Where it doesn't work as well:

  • Time-sensitive campaigns like flash sales or limited product drops where coordinated timing matters more than individual optimization

  • Multi-channel launches where email needs to align with other marketing activities happening at specific times

Dynamic content personalization

AI swaps in different content blocks, images, or messaging based on subscriber behavior, preferences, or segment membership without requiring you to build separate emails for each group.

Examples:

  • Showing different hero images based on past purchases or product category preferences

  • Recommending products based on browsing history or items left in cart

  • Tailoring copy and messaging based on lifecycle stage, engagement level, or customer value

Pro tip: Start with one dynamic element like product recommendations or category-specific imagery before personalizing entire emails, so you can measure impact and avoid overcomplicating your campaigns.

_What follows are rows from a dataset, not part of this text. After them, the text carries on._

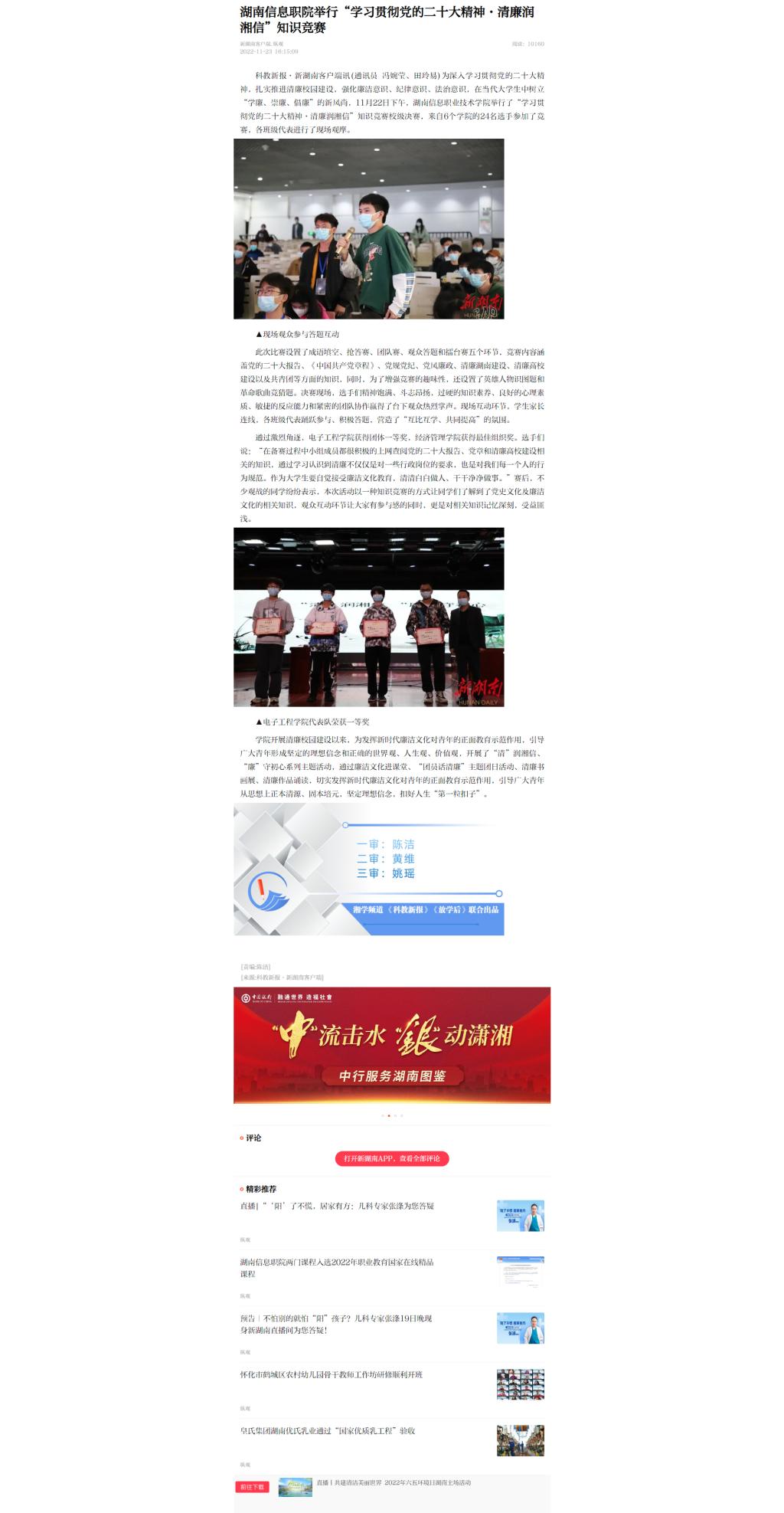 11月23日,新湖南发布《湖南信息职院举行“学习贯彻党的二十大精神·清廉润湘信”知识竞赛》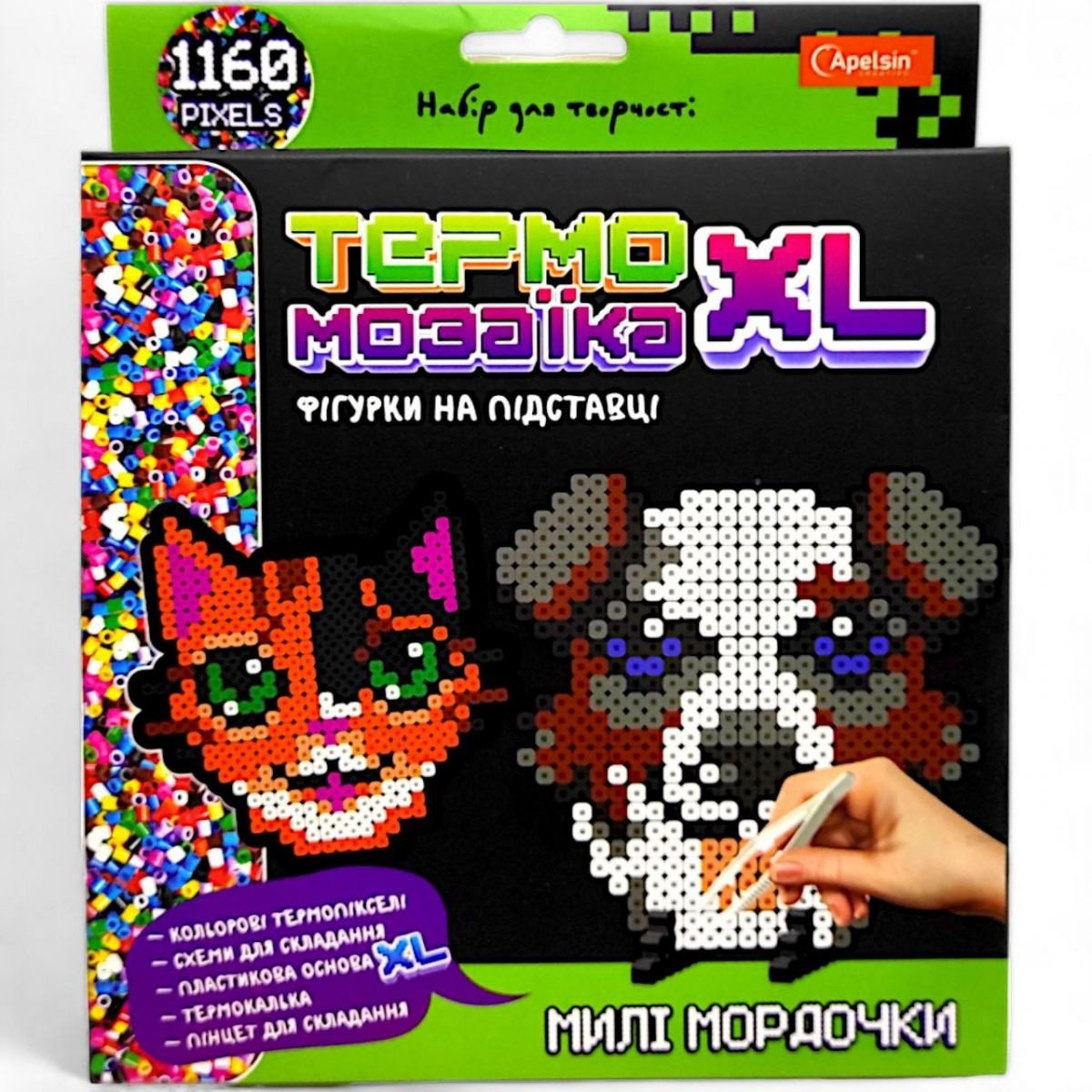 Бренд: Апельсин Упаковка: Коробка Колір: Різнобарв'я Вага з упаковкою: 167 г Габарити в упаковці: 24 x 20 x 3 см Країна виробник: Україна Матеріал: Комбінований Комплектація: Комплект кольорових термопікселів, інструкція зі схемами, пластмасова основа, термопапір, пінцет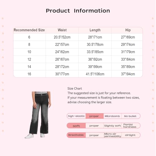 More information about Fashion Girls Elastic Waist Denim Jeans Wide Leg Baggy Pants with Back Pockets for Girls 6-16 Years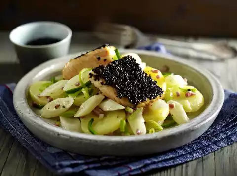 Sesame Salmon On Black Salsify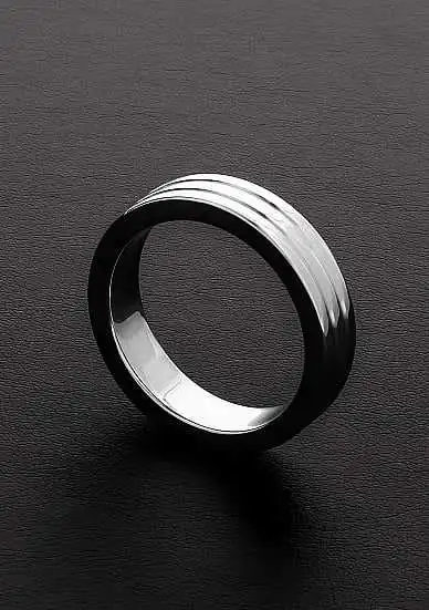 Solide geribde cock ring van roestvrij staal. Deze ring helpt je erectie te verlengen en voegt tegelijkertijd wat gloed toe.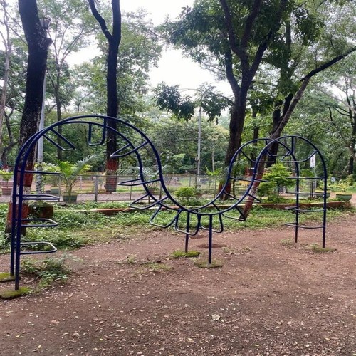 Blue mild steel climber for outdoor playgrounds. Features polished surface finishing and is designed for outdoor play applications.

Implementation over features

The brands getting real results from AI aren't the ones using every feature available. They're the ones who identified specific problems in their email program and used AI to solve them.

Start by asking where AI can actually help. Are you spending hours manually segmenting lists? Struggling to personalize at scale? Guessing at the best send times? Those are the places where AI delivers measurable impact.

But don't implement AI just because it's available. Every feature you turn on adds complexity, requires clean data, and needs ongoing management. Focus on the capabilities that solve real problems and improve results you actually care about.

Test everything. Just because AI suggests something doesn't mean it's right for your audience. Validate recommendations with A/B tests and track whether AI-driven decisions are actually improving performance over time.

Most importantly, remember that AI is a tool for better execution, not a replacement for strategy. The brands winning with AI are using it to do what they already do well, just faster and at greater scale. That's the difference between AI that drives growth and AI that just creates more work.

Inside the send: How Polish Pops nailed their spring collection launch

Inboox's AI Breakdown analyzed this seasonal drop email and found what popped:

  • Colorful, on-brand design that screams "spring" without saying a word

  • Prominent CTA button that makes the next step crystal clear

  • Clean layout with social proof touchpoints that build credibility fast

It also caught low-hanging fruit like more product imagery to fuel FOMO, a higher-contrast CTA to boost clicks, and a personalized greeting to make subscribers feel seen (not just sold to).

That's the power of Inboox. Access 1.5M+ real Shopify emails, get instant AI breakdowns on what works (and what doesn't), plus send-time data, full HTML, and more.

→ Start your free trial at Inboox.ai

Quick Clips:

  • A match made in (misfit) heaven: ThredUp and Misfits Market just linked up so you can ship your old clothes and get grocery credit in return. Two brands built around rescuing "rejects" found their match.

  • Clicks and bricks, still the mix: Forrester projects U.S. eCom hitting $1.8 trillion by 2030, but stores will still own 71% of retail sales. Physical retail hasn't just survived... it's become the experience layer online can't replicate. The takeaway? Omnichannel isn't a buzzword, it's still the play.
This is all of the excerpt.